Prescriptions relatives aux éléments de petit patrimoine bâti repérés au plan de zonage Dans le cas de travaux portant sur des éléments de petit patrimoine bâti (croix, puits,
piliers, murs...), ceux-ci visent à restituer à ces éléments leur aspect initial.
Prescriptions relatives aux murs repérés au plan de zonage
Dans le cas de travaux portant sur des murs, ceux-ci visent à restituer à ces éléments leur fonctionnalité et leur apparence initiale. Une démolition partielle pourra néanmoins être tolérée pour les besoins d’aménagements visant à desservir une parcelle mais dans ce cas, elle ne devra pas menacer la sécurité et la solidité du reste de l’ouvrage.PLU DE PORT D’ENVAUX | REGLEMENT D’URBANISME 13
ARTICLE 3 - DISPOSITIONS RELATIVES AUX ÉLÉMENTS REPERES AU TITRE DE L’ARTICLE L151- 23 DU CODE DE L’URBANISME – INVENTAIRE DU PATRIMOINE
Tous travaux ayant pour effet de détruire ou de modifier un élément de paysage identifié sur les documents graphiques du zonage, en application de l’ article L.151‐23 du code de l’urbanisme et non soumis à un régime spécifique d’autorisation, doivent faire l’objet d’une déclaration préalable et/ ou d’un permis de démolir dans les conditions prévues au code de l’urbanisme.

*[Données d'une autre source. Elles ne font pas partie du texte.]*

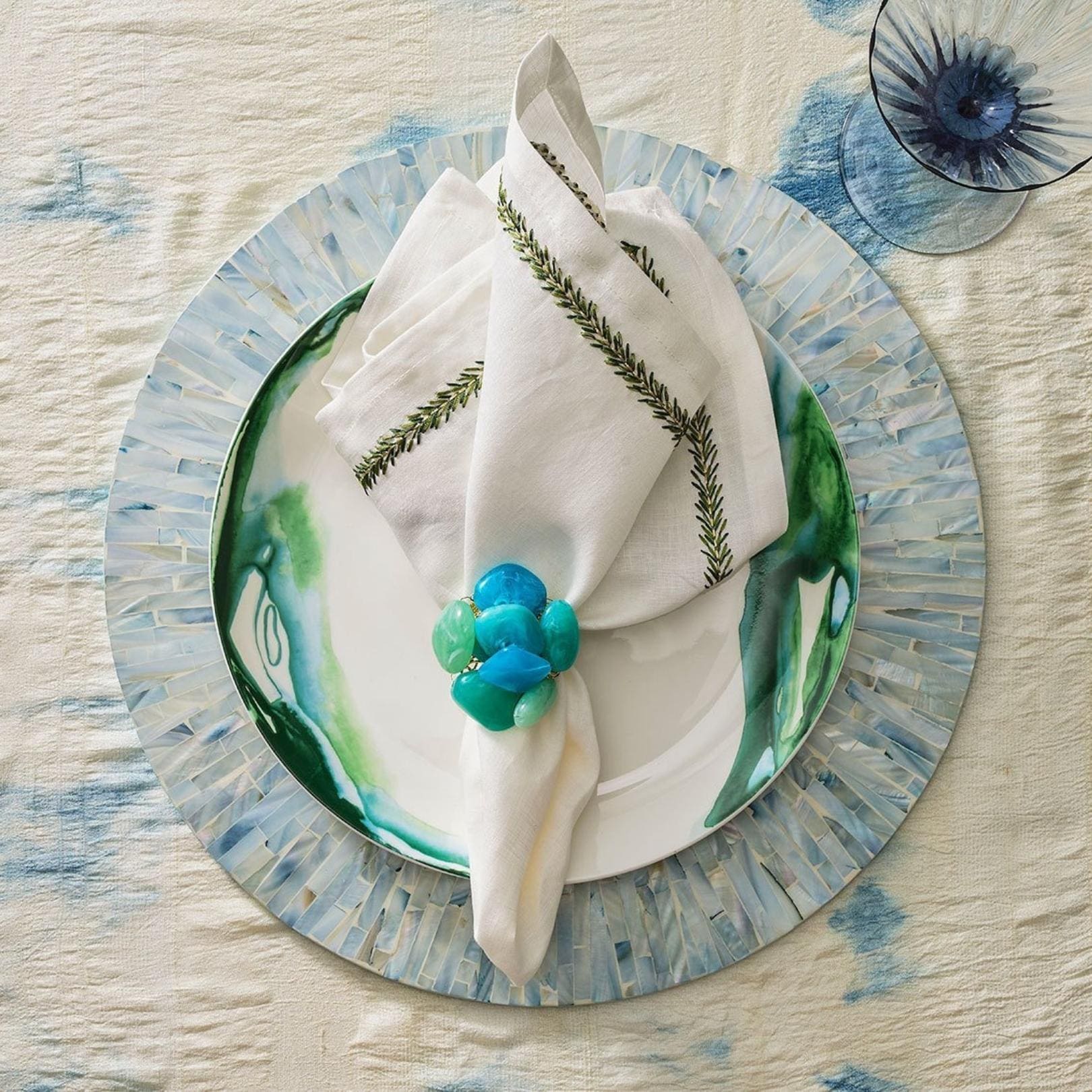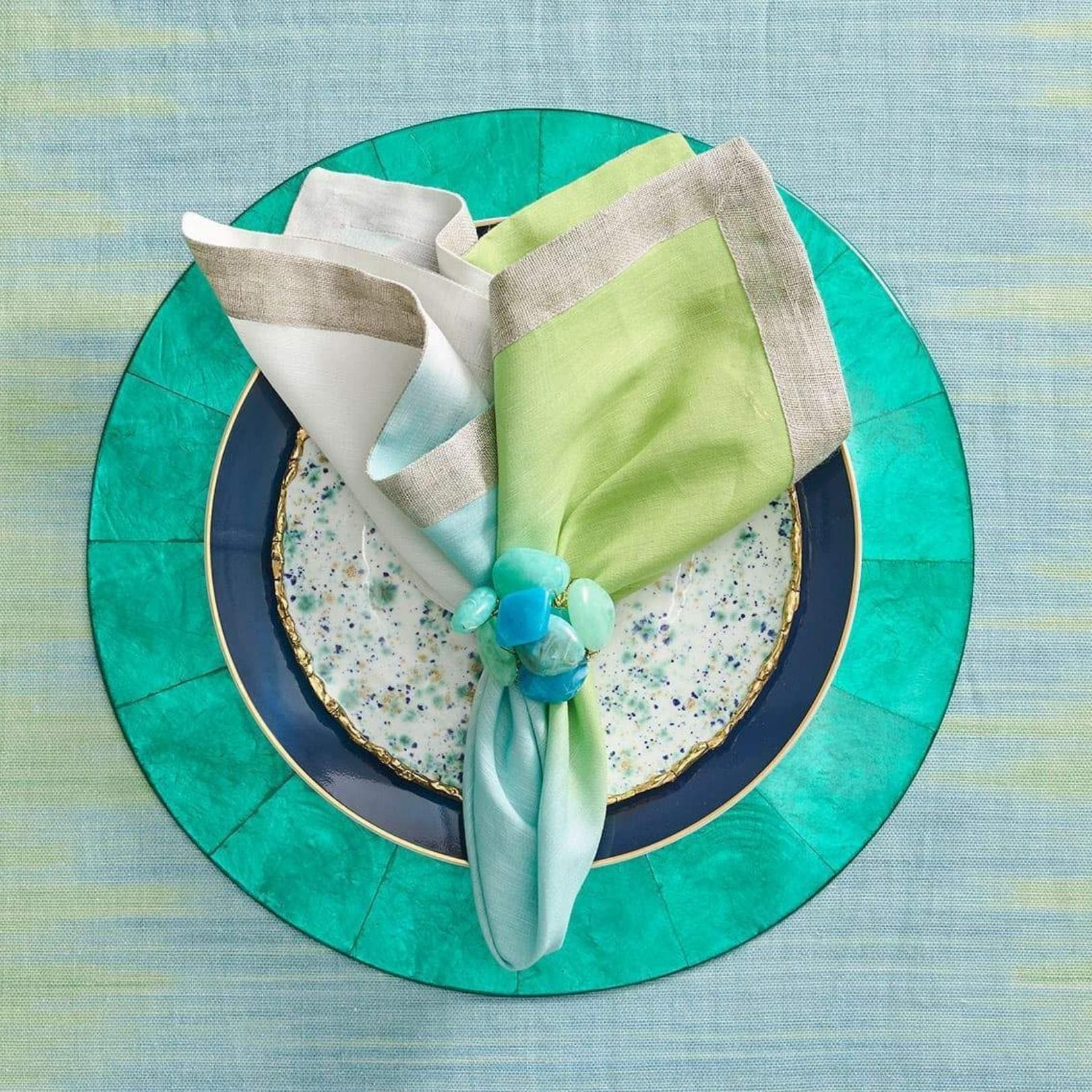 The Sea Stone Napkin Ring in seafoam features aquatic shades of seafoam and teal resin stones set in clusters. These sea-inspired napkin rings are reminiscent of tumbled stones found upon the shore. Arranged at random, the stones are mounted on a beautifully beaded napkin ring. These nautical beaded napkin rings are the perfect addition to a bright and cheery table.
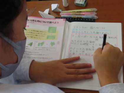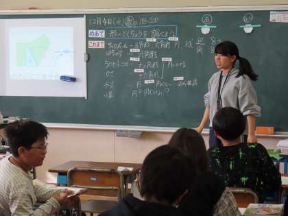 12月4日(水)5年生 算数 公開日 2024/12/04 更新日 2024/12/04 できごと(2024) 「正多角形と円」の学習に入るようです。今日は、教科書に掲載されている写真(サッカーボール、傘、水車など)を見て、その特徴はなにか?考えていました。「ここでは」さらに図形の見方や考え方を広げ、深めていき、図形の学習の面白さをたくさん味わうことでしょう。
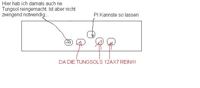 6L6GC Umbau: DIE bestellen und dann im Feld "Anmerkungen" dazuschreiben, dass man den Bulldozer (2ch recto kopie) spielt und noch den PC/TC Wert der EL34 mit angeben (steht auf der Röhre: bei mir war's PC:31 / TC: 1034)
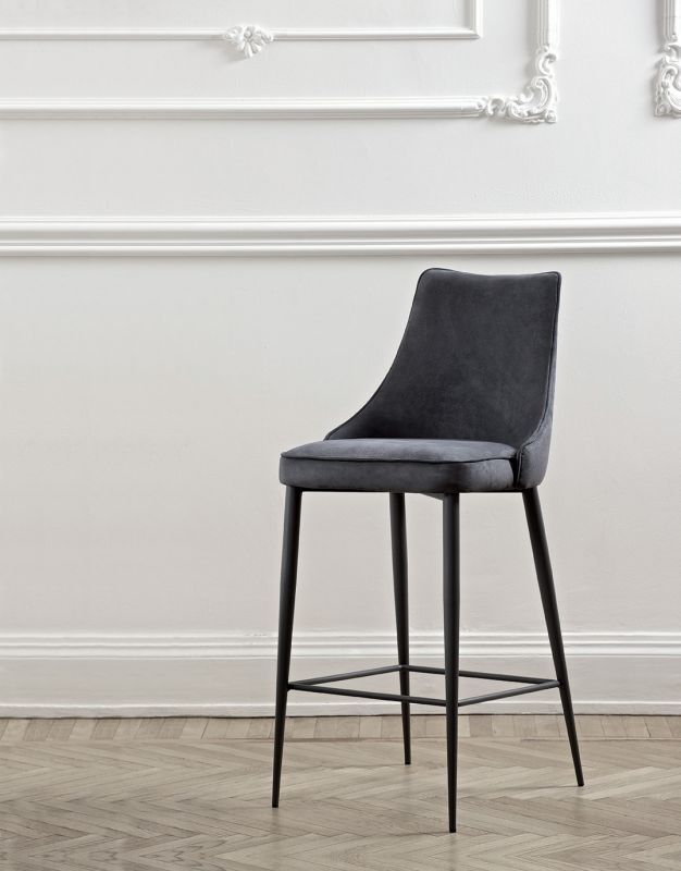 Taburete con estructura de acero, cuerpo totalmente acolchado y tapizado. Ribetes disponibles a juego o a contraste. También disponible en versión con respaldo acolchado (solo con tapizados de tejido Nordic, piel ecológica y piel premium).
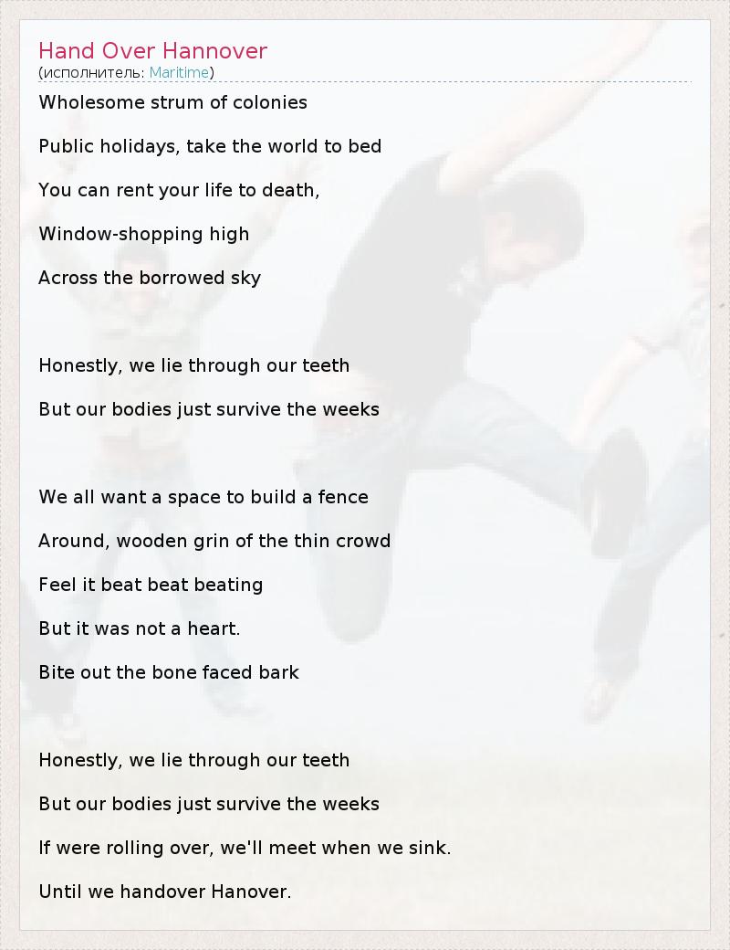 Wholesome strum of colonies Public holidays, take the world to bed You can rent your life to death, Window-shopping high Across the borrowed sky Honestly, we lie through our teeth But our bodies just survive the weeks We all want a space to build a fence Around, wooden grin of the thin crowd Feel it beat beat beating But it was not a heart. Bite out the bone faced bark Honestly, we lie through our teeth But our bodies just survive the weeks If were rolling over, we'll meet when we sink. Until we handover Hanover.
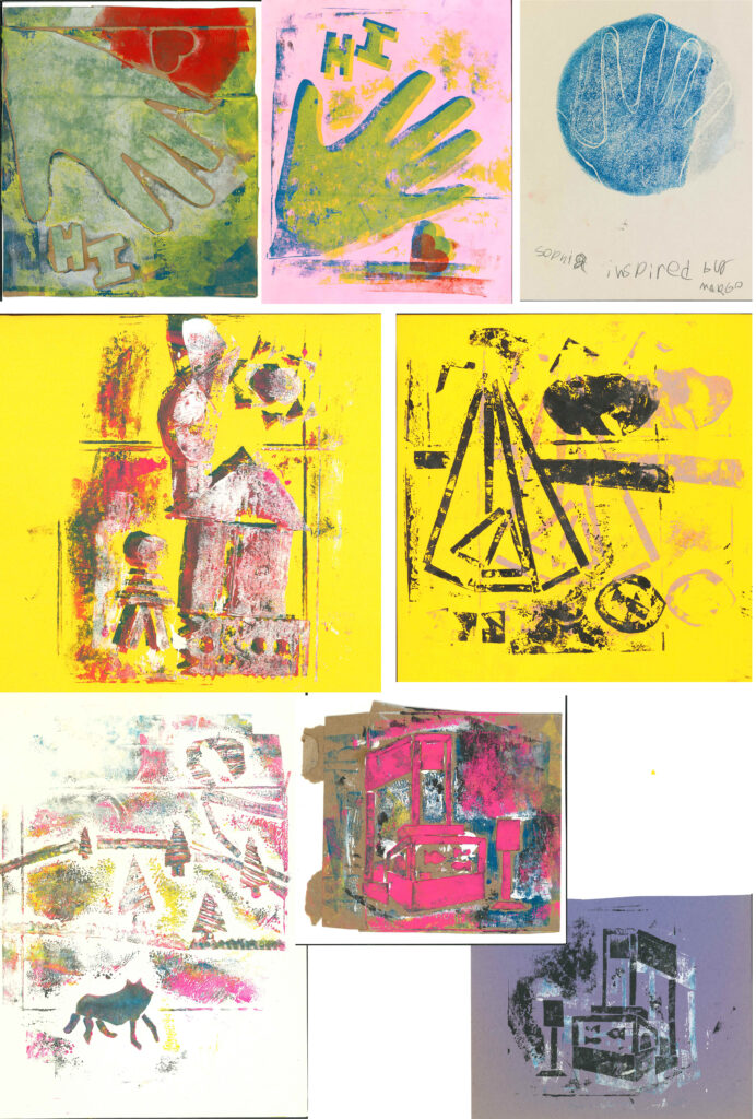 Our goal for the project is for everyone to complete enough prints that we can exchange them within the group. The prints will also be incorporated into a “junk journal” that each participant will make in the second half of the semester. The entire project is a great example of the kind of open-ended, project-based art lessons that make our Arts & Smarts programming special.
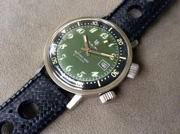 Sie denken wahrscheinlich, eine Taucheruhr zu rufen, der "Nautic-Ski" ist ziemlich merkwürdig. Der Name stammt von der Leidenschaft, die der CEO der französischen Firma Lip zum Skifahren hatte. Diese Uhr wurde 1967 anlässlich des 100-jährigen Firmenjubiläums aufgelegt und war zu der Zeit ein Wunderwerk der Ingenieurskunst mit einem elektromechanischen Uhrwerk und einer Wasserbeständigkeit von 200 m. Letzteres wurde tatsächlich durch einen exklusiven Fall von Piquerez erreicht, der das Patent für das Superkompressor-Prinzip (die Verwendung von Wasserdruck auf die Dichtung zum Abdichten des Gehäuses) besaß. Der Nautic Ski wurde in verschiedenen Farben auf Vorschlag eines französischen Modedesigners angeboten, mit Zifferblättern in Grau, Orange, Violett, Blau und, neben den seltensten Exemplaren, grün mit diesen ungewöhnlichen arabischen Ziffern. Ich hätte erwartet, dass das Mobilteil in seiner charakteristischen Pfeilform wäre, obwohl die Taktstockhände auch für dieses Modell von Lip möglich sind, und die patinierte Leuchtmasse hier scheint zu zeigen, dass sie von Anfang an auf der Uhr montiert waren.
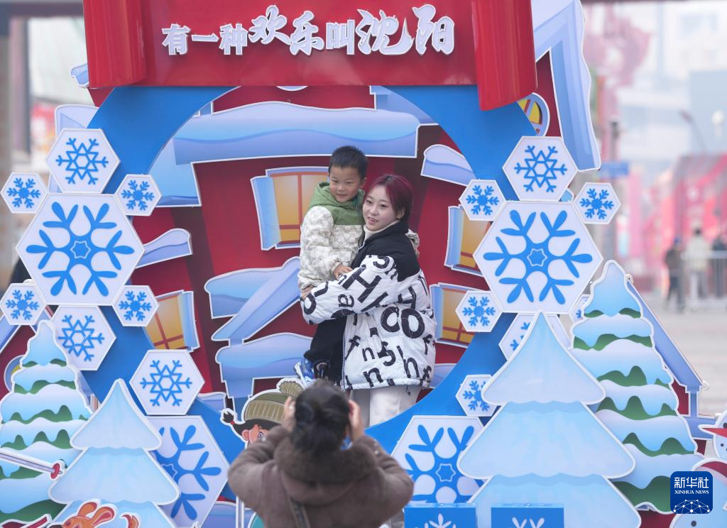 2月9日,游客在沈阳中街拍照留影。新华社记者 李钢 摄
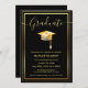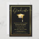Black and Gold Modern Graduate Cap Graduation Invitation

Prescriptions relatives à la préservation des haies, linéaires d’arbres et arbres isolés repérés au plan de zonage
Il s’agit de garantir leur préservation (en prenant garde à la qualité et à l’époque de la coupe) et leur croissance optimale en fonction du site. Ainsi le dessouchage des haies et des
arbres inventoriés est interdit sauf si leur état sanitaire (maladie…) ou un enjeu fonctionnel (besoin d’aménager un accès…) ou sécuritaire (sécurité des biens ou des personnes, sécurité
routière) le justifie et dans ce cas sous réserve d’en replanter l’équivalent sur le territoire communal.
Pour les arbres protégés, leur coupe n’est tolérée que pour garantir leur bon état et ne doit pas mettre en péril le sujet et son aspect.
Pour rappel, chaque haie nouvelle devra être composée d’au moins trois essences locales adaptées au climat et aux caractéristiques du terrain d’assiette (se référer aux OAP
thématiques, pièce 3.0).
En outre, les arbres et haies nouvellement plantés devront être implantés à une distance minimum de 4 mètres du bord de la chaussée des routes départementales (une distance de
7m est à rechercher) et à une distance minimum de 7 m du bord de la chaussée pour toute nouvelle infrastructure.
Prescriptions relatives aux parcs et jardins repérés au plan de zonage
Les parcs et jardins d’intérêt paysager identifiés au plan de zonage doivent conserver leurs qualités végétales et perméables. Il importe ainsi que la composition générale et l’ordonnancement soient préservés dans le temps sans pour autant figer strictement les plantations dans leur état actuel. Ainsi ces ensembles paysagers peuvent être ponctuellement remaniés, recomposés (changement d’essence par exemple) à partir du moment où la qualité du cadre initial n’est pas altérée.
Aucune construction nouvelle d’habitation n’est donc tolérée dans ces parcs et jardins. En revanche, les extensions et les annexes (y compris les piscines) de moins de 50m² tout comme les aires de stationnement peuvent y être tolérés sous réserve qu’elles s’insèrent harmonieusement sans mettre en péril la qualité du jardin ou du parc et leur dominante végétale et pour les aires de stationnement de leur caractère perméable.
Les défrichements ne sont tolérés que pour des raisons phytosanitaires ou sécuritaires ou dans le cas des projets précédemment énoncés, et sous réserve de replantations sur l’unité foncière pour compenser les sujets supprimés. Il conviendra alors de replanter des essences adaptées (cf orientation d’aménagement thématique relative aux plantations).
Les murets de moellon ou pierres sèches clôturant ces jardins doivent également être conservés autant que possible. En cas de restauration, il conviendra de respecter leurs caractéristiques originelles.PLU DE PORT D’ENVAUX | REGLEMENT D’URBANISME 14
ARTICLE 4 – LES CLÔTURES
L’édification de clôtures est facultative. Est soumise à déclaration préalable, l'édification des clôtures sur l’ensemble du territoire de la commune, conformément à la délibération du 20 décembre 2024 du Conseil municipal.
Les clôtures doivent être réalisées de telle manière qu'elles ne compromettent pas les conditions de visibilité et de sécurité pour la circulation routière.
ARTICLE 5 – LES LOTISSEMENTS
Dans un lotissement*, les articles du règlement s’appliquent individuellement à chaque lot.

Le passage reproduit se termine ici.